Resolution acute respiratory distress syndrome through reversing the imbalance of Treg/Th17 by targeting the cAMP signaling pathway
- Authors:
- Published online on: May 9, 2016 https://doi.org/10.3892/mmr.2016.5222
- Pages: 343-348
Abstract
Introduction
Acute respiratory distress syndrome (ARDS) a syndrome of acute respiratory failure, which was first described in 1967 by Ashbaugh et al (1). Affected patients present with progressive arterial hypoxemia, dyspnea and a marked increase in the work of breathing (2), and endotracheal intubation and positive pressure ventilation are required for most patients. ARDS may arise from a variety of medical conditions, including sepsis, pneumonia, major trauma or aspiration of gastric contents. Inappropriate accumulation and activity of leukocytes and platelets, dysregulated inflammation, altered permeability of alveolar endothelial and epithelial barriers and uncontrolled activation of coagulation pathways constitute the central pathophysiologies of ARDS. In spite of substantial progress in understanding underlying pathophysiology of ARDS, it remains a major clinical problem with the mortality rate remaining as high as 40–46% and with no effective pharmacological therapy available (3). However, cell-based therapy has emerged as a promising therapeutic approach for ARDS (4).

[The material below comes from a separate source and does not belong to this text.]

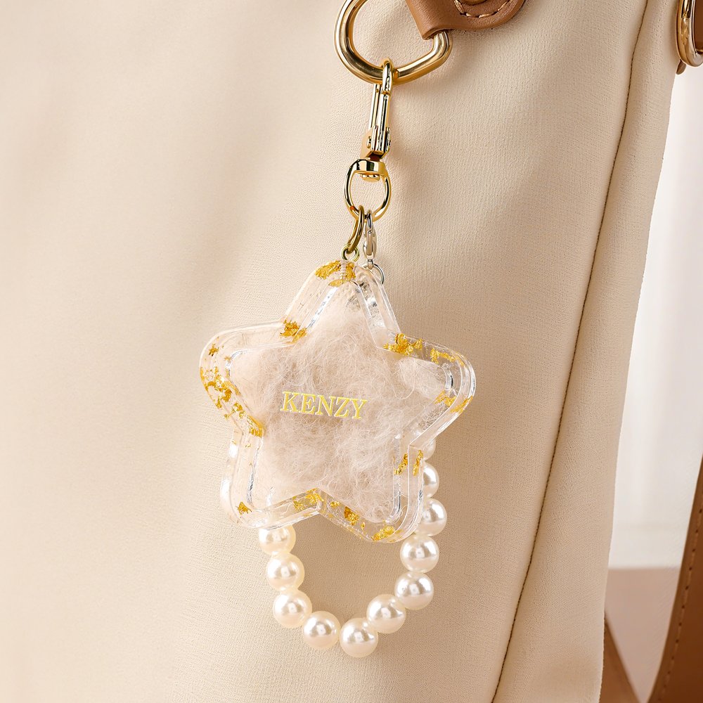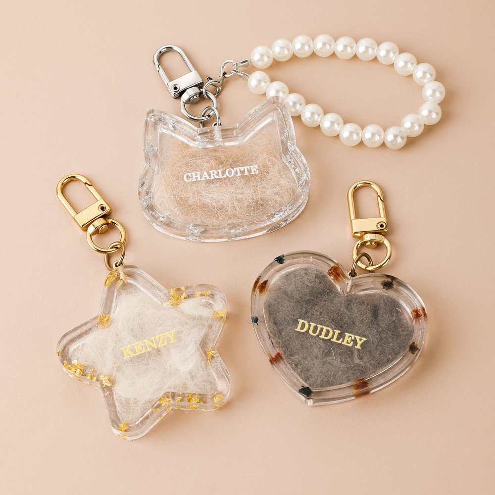 This eye-catching keychain features cat, star, and heart shape designs. It can be customized with your pet's name and comes with a pearl chain. You can also store your pet's hair inside, transforming a simple keychain into a unique, personalized keepsake.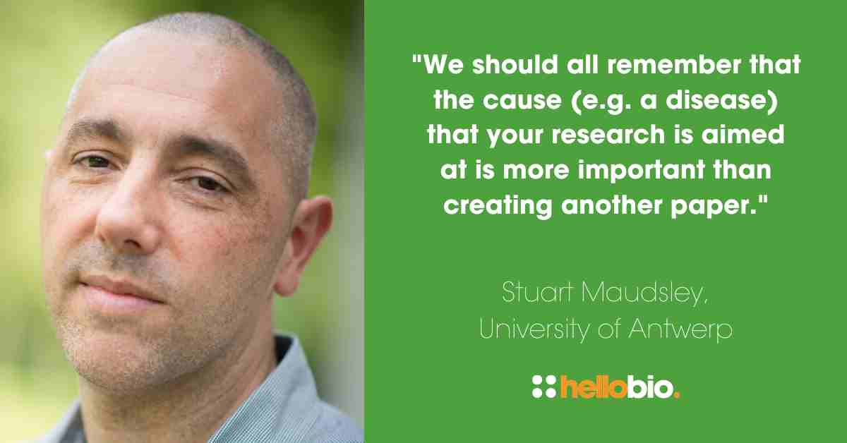 Stuart Maudsley, researcher in the Receptor Biology Lab at the University of Antwerp agrees. He says: “We should all remember that the cause (e.g. a disease) that your research is aimed at is more important than creating another paper.”

ARDS was recently revealed to be an immune disorder arising from an imbalance between regulatory T cells (Tregs) and interleukin (IL)-17-producing T helper lymphocytes (Th17) (3). Th17 cells are known to have crucial roles in the induction of autoimmune diseases, including rheumatoid arthritis, experimental autoimmune encephalomyelitis and allergen-specific responses. Furthermore, Th17 cells are crucial for defense against extracellular bacteria and fungi (5,6). Tregs are characterized by the forkhead box P3 (Foxp3). Furthermore, transforming growth factor (TGF)-β1 promotes Treg differentiation, which in turn suppresses adaptive T-cell responses and prevents autoimmunity. An imbalance between Th17 and Tregs is characteristic for ARDS (7–9). Pharmacologically restoring the equilibrium between Th17 and Tregs has therefore become a promising therapeutic strategy for ARDS. Cyclic adenosine monophosphate (cAMP) signaling is a major pathway as well as a key therapeutic target for inducing immune tolerance and is involved in Treg function. Control of effector T-cell (Teff) proliferation and function by cAMP signaling is well established. Several mechanisms exist to suppress Teff cells by activation of cAMP signaling, including the action of anti-inflammatory agents through G protein-coupled receptors, cell-to-cell interactions and inhibition of cyclic nucleotide phosphodiesterases (PDEs) within cells. In addition, cAMP can also suppress TGF-β-mediated adaptive Treg differentiation and reduce the Treg concentration (10–12). It therefore appeared that targeting the cAMP signaling pathway to reverse the imbalance of Treg/Th17 may represent a promising approach for ARDS therapy.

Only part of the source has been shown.